---- DATASET
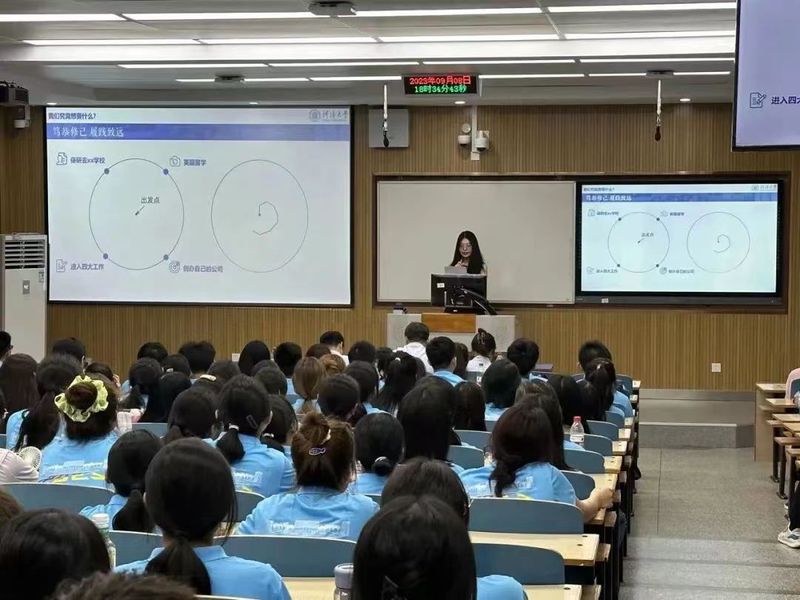 严瑾同学带领同学们回顾了她过去三年中学习生活、竞赛和实践活动的经历,展示了明确目标、躬身实践、把握节奏对于取得成果的重要性。她强调了设定明确的短期和长期目标的重要性,帮助新生们明确自己的追求,并制定相应的计划与行动步骤。她还分享了关于未来求学和就业方向的思考,鼓励新生们积极探索自己的发展方向,创造出属于自己的辉煌。
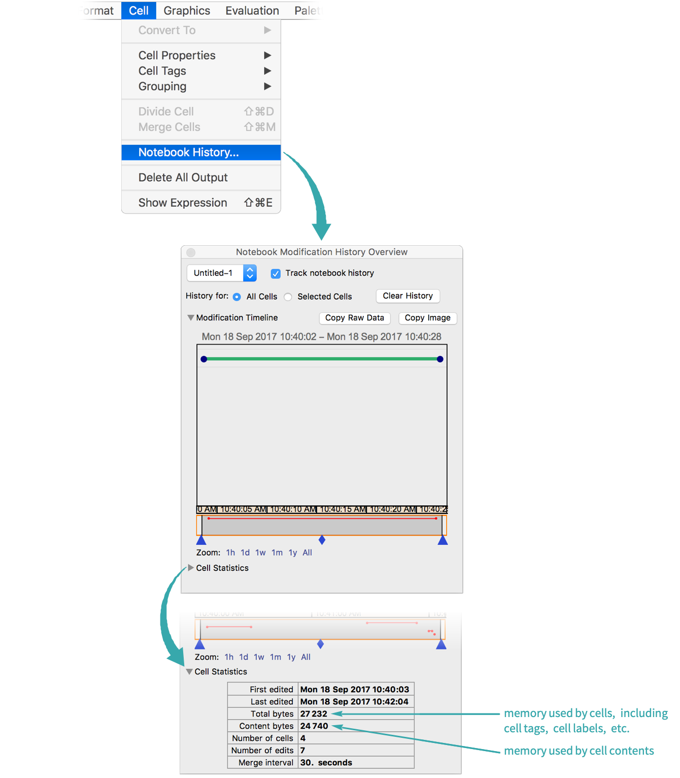 - Cell Statistics does not include memory used for non-cell notebook data.
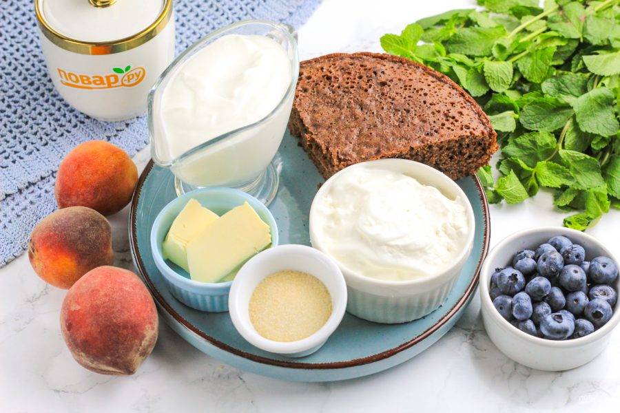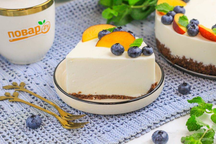 Украсьте его нарезкой персиков и голубикой, листочками свежей мяты.
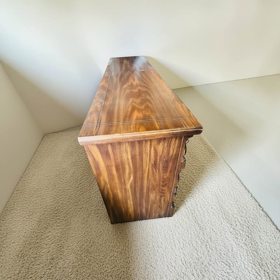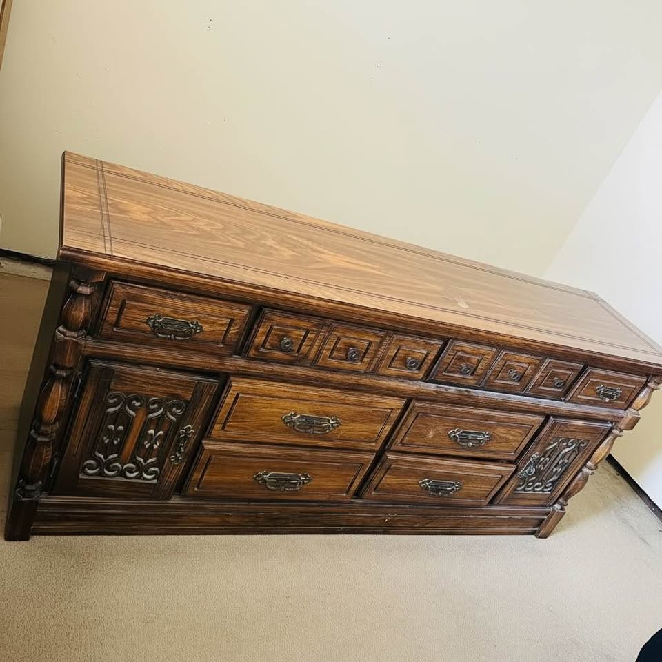 Beautiful vintage Spanish Revival / Mediterranean-style dresser crafted from solid oak with stunning natural grain throughout. This piece is featuring: • 9 dovetail drawers across the top and center • 2 side cabinets with decorative wrought iron doors • Hand-forged style iron drawer pulls and hinges The wood grain on the top is especially eye-catching, and the overall construction is very solid and heavy—built to last. Condition: Good vintage condition. Shows some wear consistent with age, including surface wear and finish fading on the top and minor imperfections (see photos). Structurally solid and some drawers slide need some work. Measurements Length 6ft Width 18in Height 32in Pickup West Edmond Cash or Venmo
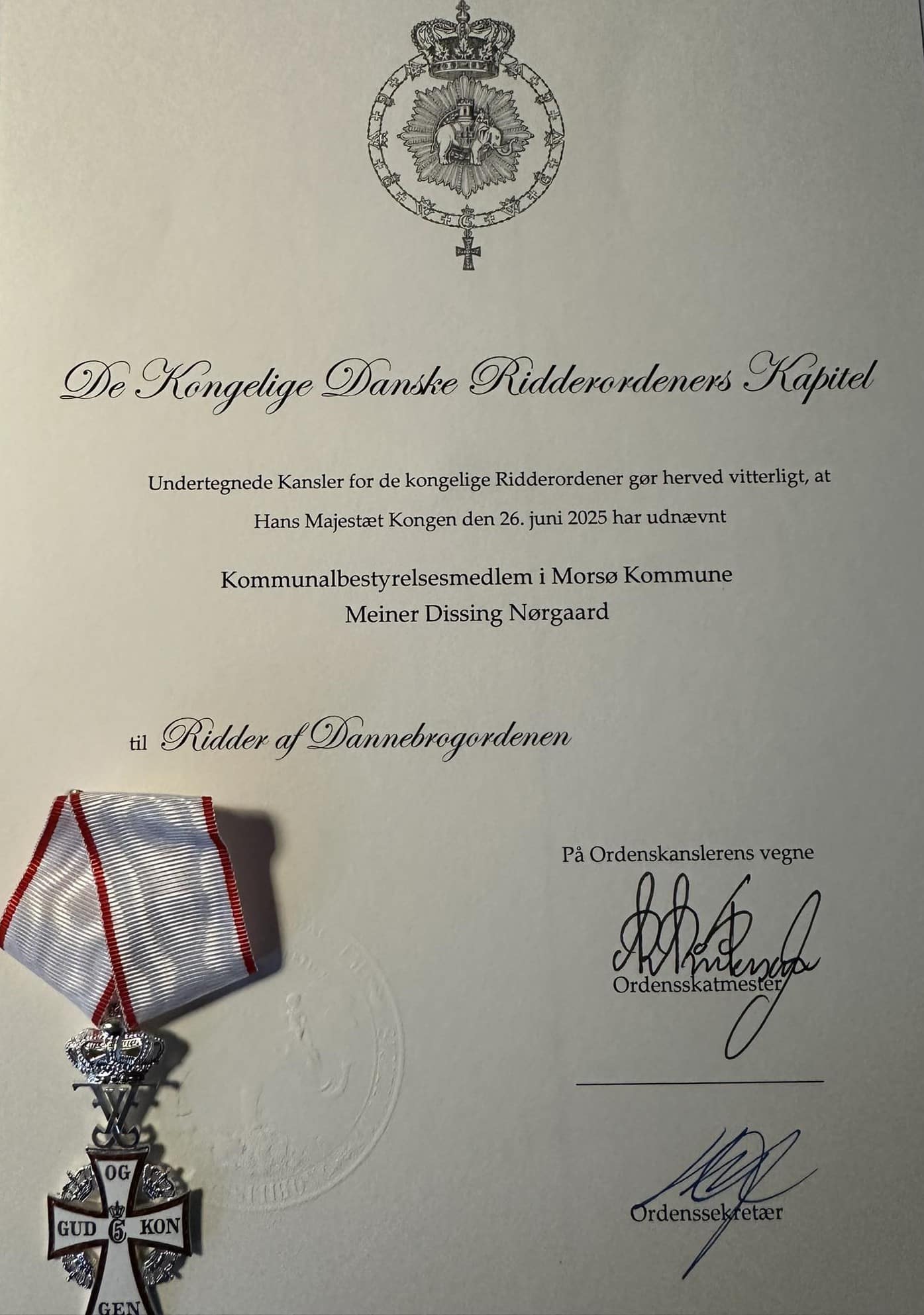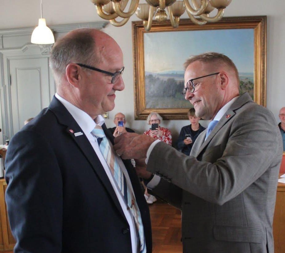 På kommunalbestyrelsesmødet i denne uge kunne borgmester Hans Ejner Bertelsen overrække den fornemme orden til øens 2. viceborgmester, Meiner Nørgaard.
--------
== ACTIVITY ==
Copy nothing past the line containing "Украсьте его нарезкой": reproduce every line from the start of the records up to it, skipping pictures.

== YOUR SOLUTION ==
 严瑾同学带领同学们回顾了她过去三年中学习生活、竞赛和实践活动的经历,展示了明确目标、躬身实践、把握节奏对于取得成果的重要性。她强调了设定明确的短期和长期目标的重要性,帮助新生们明确自己的追求,并制定相应的计划与行动步骤。她还分享了关于未来求学和就业方向的思考,鼓励新生们积极探索自己的发展方向,创造出属于自己的辉煌。
 - Cell Statistics does not include memory used for non-cell notebook data.
 Украсьте его нарезкой персиков и голубикой, листочками свежей мяты.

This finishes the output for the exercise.